Berdasarkan hasil penelitian tambahan, diperoleh bahwa dari dimensi-dimensi dukungan sosial ternyata yang paling berpengaruh pada kesepian lansia adalah dukungan integral sosial. Dukungan integral sosial memiliki signifikansi 0.006 (p<0.05). Menurut Orford (1992), dukungan integrasi sosial adalah perasaan individu sebagai bagian dari kelompok. Cohen & Wills (dalam Orford, 1992), menyatakan dukungan ini dapat berupa menghabiskan waktu bersama-sama dalam aktivitas, yang juga dapat mengurangi stress serta pengalihan perhatian seseorang dari masalah dengan membuat kontak sosial dengan orang lain. Hal ini sesuai dengan hasil penelitian Dykstra (1990), yang menunjukkan adanya tingkat kesepian yang rendah pada lansia karena memiliki hubungan yang lebih luas dan erat dengan orang lain. Shaver dan Rubeinstein (dalam Brehm et al, 2000), juga menambahkan bahwa salah satu cara untuk menghadapi kesepian yang dialami oleh seseorang adalah dengan membuat kontak sosial seperti berhubungan dan berkomunikasi dengan orang lain.

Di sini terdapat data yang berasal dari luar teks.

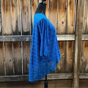 LulaRoe cardigan textured blue lace hi-lo short sleeve sheer knit Small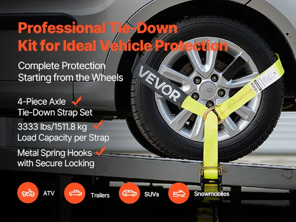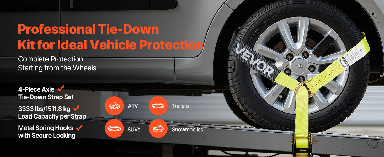 Our wheel tie-down kit provides a quick and simple tire fixing configuration, which can be fixed directly around the tire. Each strap supports up to 3333 lbs/1512 kg, keeping your vehicle in place while being transported or parked.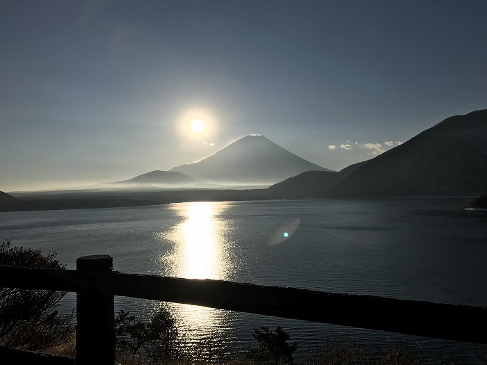 本栖湖畔にて撮影。朝陽を浴びて後光が差しているかのような富士山。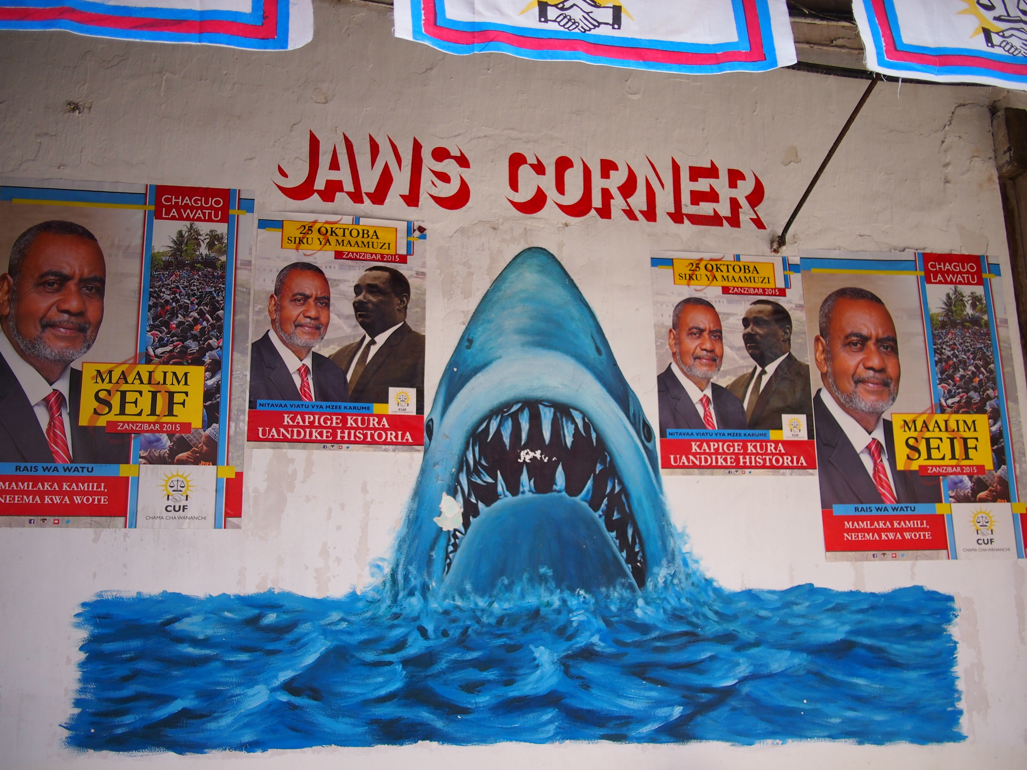 Stone Town, Zanzibar, Tanzania - November 27, 2015: A painting in Jaw's corner in Stone Town, that at the time acted as the political centre of the opposition party.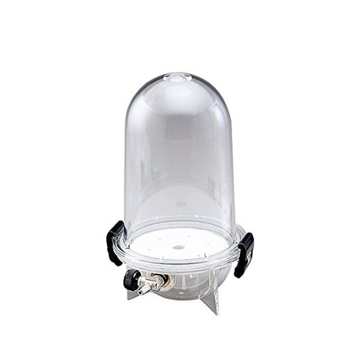 手軽に真空保存ができ、携帯に便利です。割れにくく軽量で丈夫な製品です。真空引きについては1Torrまで可能です。小型の為デシケーターと比べて容易に持ち運び可能です。 |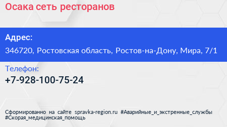 Осака, сеть ресторанов по адресу 346720, Ростовская область, Ростов-на-Дону, Мира, 7/1 в дальнейшем Организация, размещена в следующих категориях: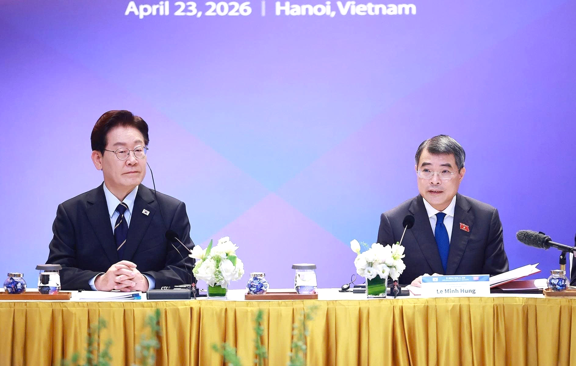 Ngày 23-4, Thủ tướng Lê Minh Hưng và Tổng thống Hàn Quốc Lee Jae Myung đã cùng chủ trì tọa đàm bàn tròn về hợp tác kinh tế, thương mại, đầu tư Việt Nam - Hàn Quốc trong khuôn khổ Diễn đàn kinh tế Việt Nam - Hàn Quốc. Sự kiện quy tụ lãnh đạo 26 doanh nghiệp hàng đầu hai nước trong các lĩnh vực năng lượng, tài chính, công nghệ, điện tử, viễn thông, chế biến - chế tạo, xây dựng, hạ tầng, thương mại, du lịch và hàng không.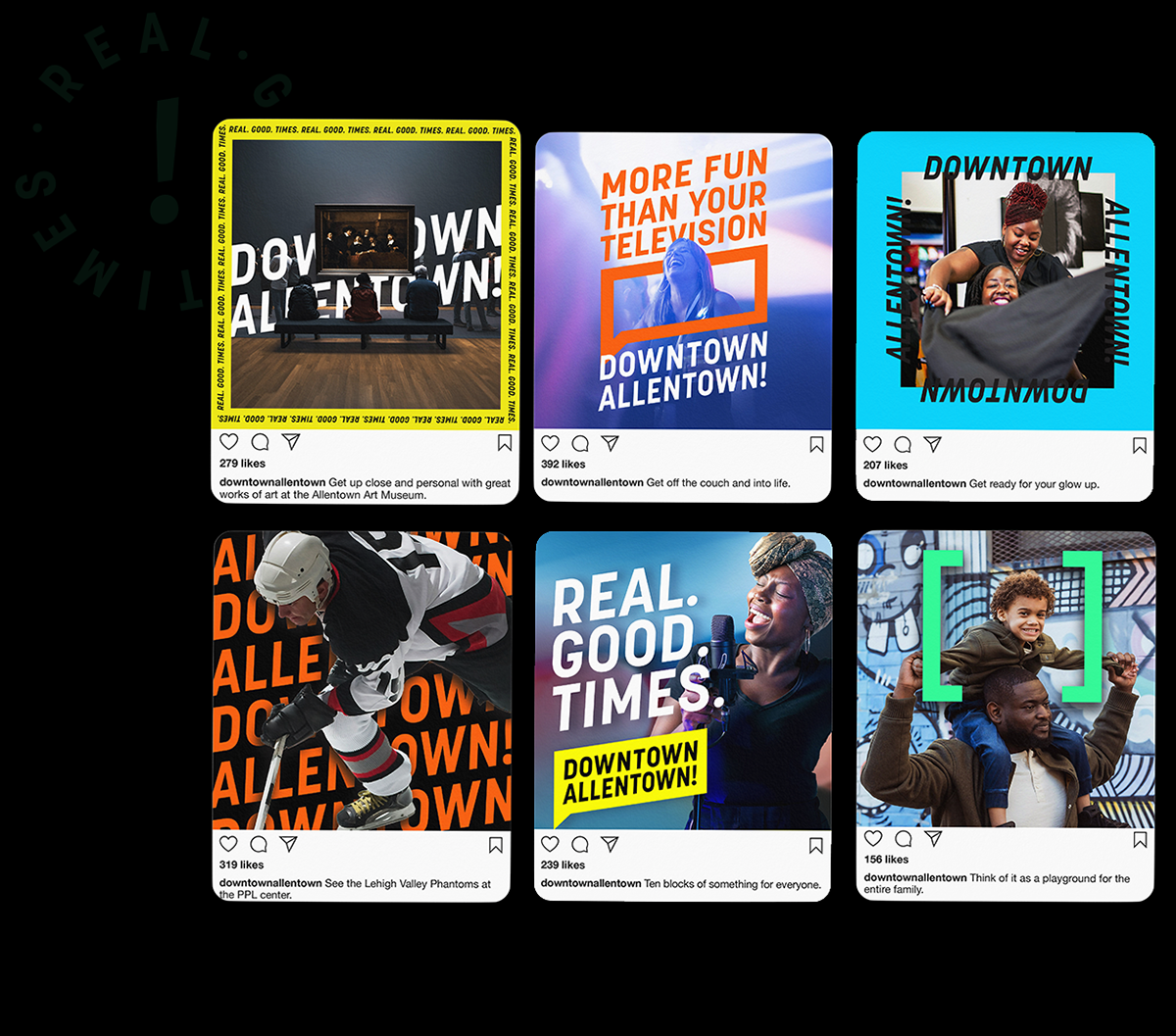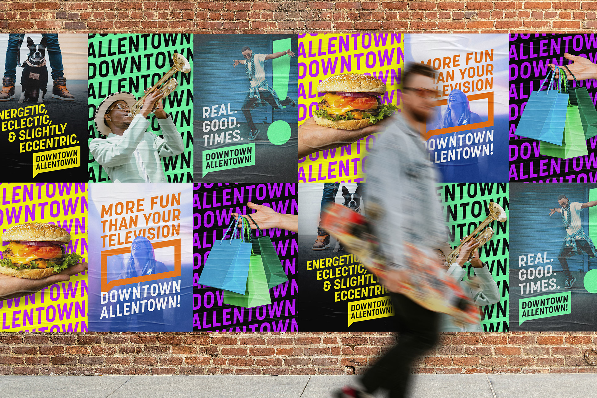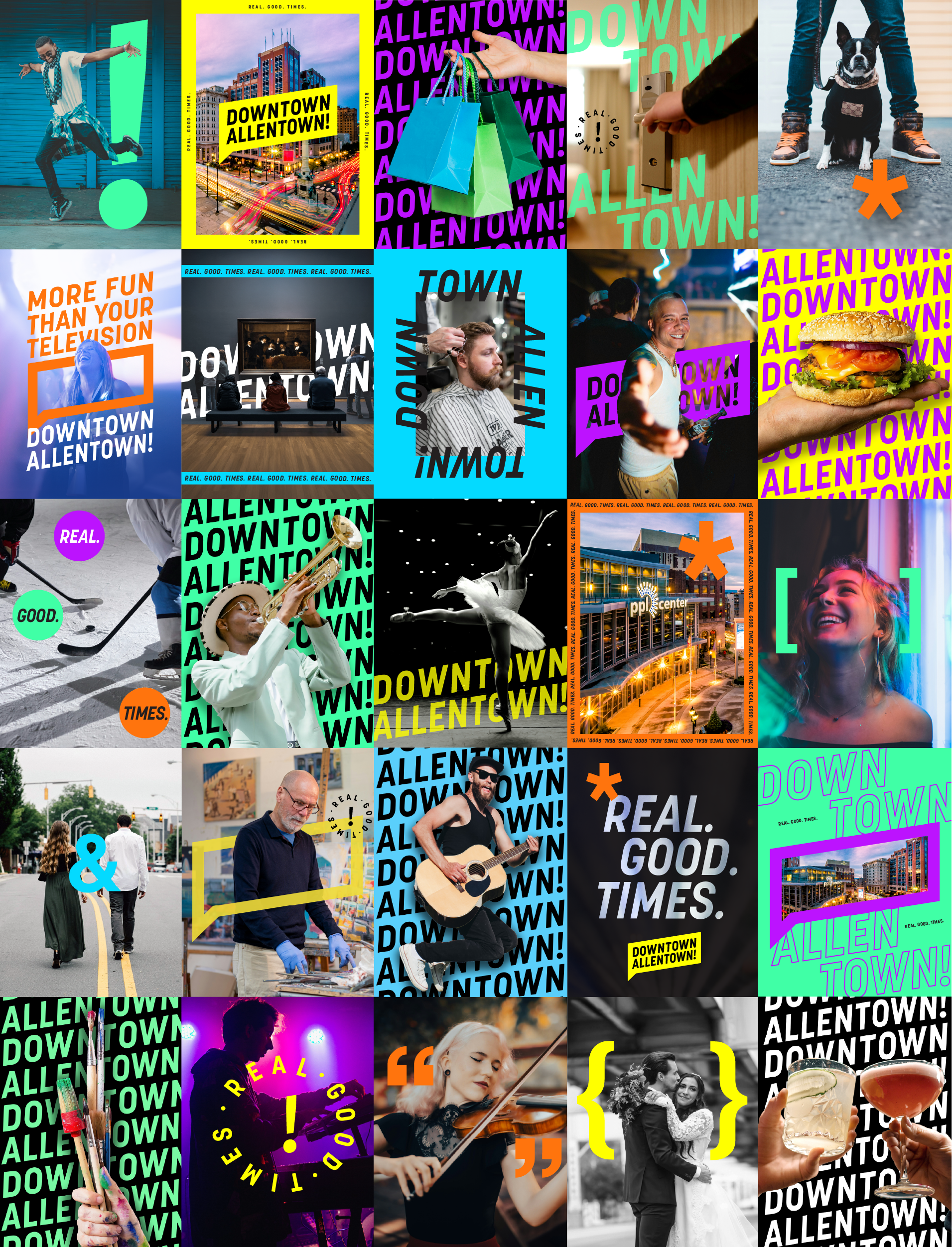 Allentown is the third largest city in Pennsylvania and features a bustling, urban center city with over 120,000 residents. With the formation of a new downtown planning and tourism organization, the community hoped to share its vibrant downtown with new visitors and businesses alike. The organization chose to rebrand the area, with the tagline “Real. Good. Times.” as a testament to the city’s authenticity and excitement. A new logo, reminiscent of both a speech bubble and a GPS pin on a map symbolizes the excitement and exuberance of the downtown district. Punctuation marks are used as an overall graphic concept (!, “”, &, [], etc.) to capture both the motion and emotion individuals experience living their lives in Downtown Allentown. Bold typography and colors are predominant in the visual identity to showcase the spirit of vibrance and exhilaration of the lively city.

BAB V KESIMPULAN DAN SARAN Pada bab ini akan diuraikan kesimpulan dan saran sehubungan dengan hasil yang diperoleh dari penelitian. Pada bagian pertama akan berisi rangkuman hasil penelitan yang dibuat berdasarkan analisa, interpretasi dan pembahasan. Pada bagian akhir akan dikemukakan saran-saran yang mungkin dapat berguna bagi penelitian yang akan datang dengan tema yang sama. A. Kesimpulan Berdasarkan hasil analisa dan pembahasan dapat ditarik kesimpulan mengenai hasil penelitian, bahwa: 1. Terdapat pengaruh negatif dukungan sosial terhadap kesepian pada lansia. Artinya semakin tinggi dukungan sosial yang diperoleh lansia, maka kesepiannya akan semakin rendah. Sebaliknya, semakin rendah dukungan sosial yang diperoleh maka semakin tinggi kesepiannya. 2. Sumbangan efektif yang diberikan variabel dukungan sosial terhadap kesepian pada lansia adalah sebesar 13.7% (R² = 0.137), yang berarti bahwa pada penelitian ini dukungan sosial mempengaruhi kesepian sebesar 13.7 % dan

sisanya yaitu sebesar 86.3% dipengaruhi oleh faktor-faktor lain yang tidak diteliti dalam penelitian ini. 3. Berdasarkan data empirik, skor total variabel dukungan sosial dibagi atas tiga kategori yaitu : tinggi, sedang, rendah. Secara umum, dukungan sosial yang diterima oleh subjek penelitian tergolong sedang. 4. Berdasarkan data empirik, skor total variabel kesepian dibagi atas tiga kategori yaitu : tinggi, sedang, rendah. Secara umum, kesepian yang dialami oleh subjek penelitian tergolong sedang. 5. Berdasarkan hasil analisa tambahan dengan menggunakan uji t menunjukkan tidak ada perbedaan kesepian bila ditinjau dari jenis kelamin. Namun dengan membandingkan mean data dari subjek penelitian ini menunjukkan bahwa mean kesepian subjek laki-laki lebih tinggi daripada subjek perempuan. 6. Berdasarkan hasil analisa tambahan dengan menggunakan regresi berganda metode backward, menunjukkan bahwa dari bentuk-bentuk dukungan sosial yang paling berpengaruh terhadap kesepian lansia adalah integral sosial. B. Saran Peneliti menyadari bahwa penelitian ini masih jauh dari kesempurnaan, oleh karena itu, maka peneliti mengemukakan beberapa saran. Saran-saran ini diharapkan dapat berguna untuk penelitian selanjutnya yang berhubungan dengan dukungan sosial maupun kesepian pada lansia.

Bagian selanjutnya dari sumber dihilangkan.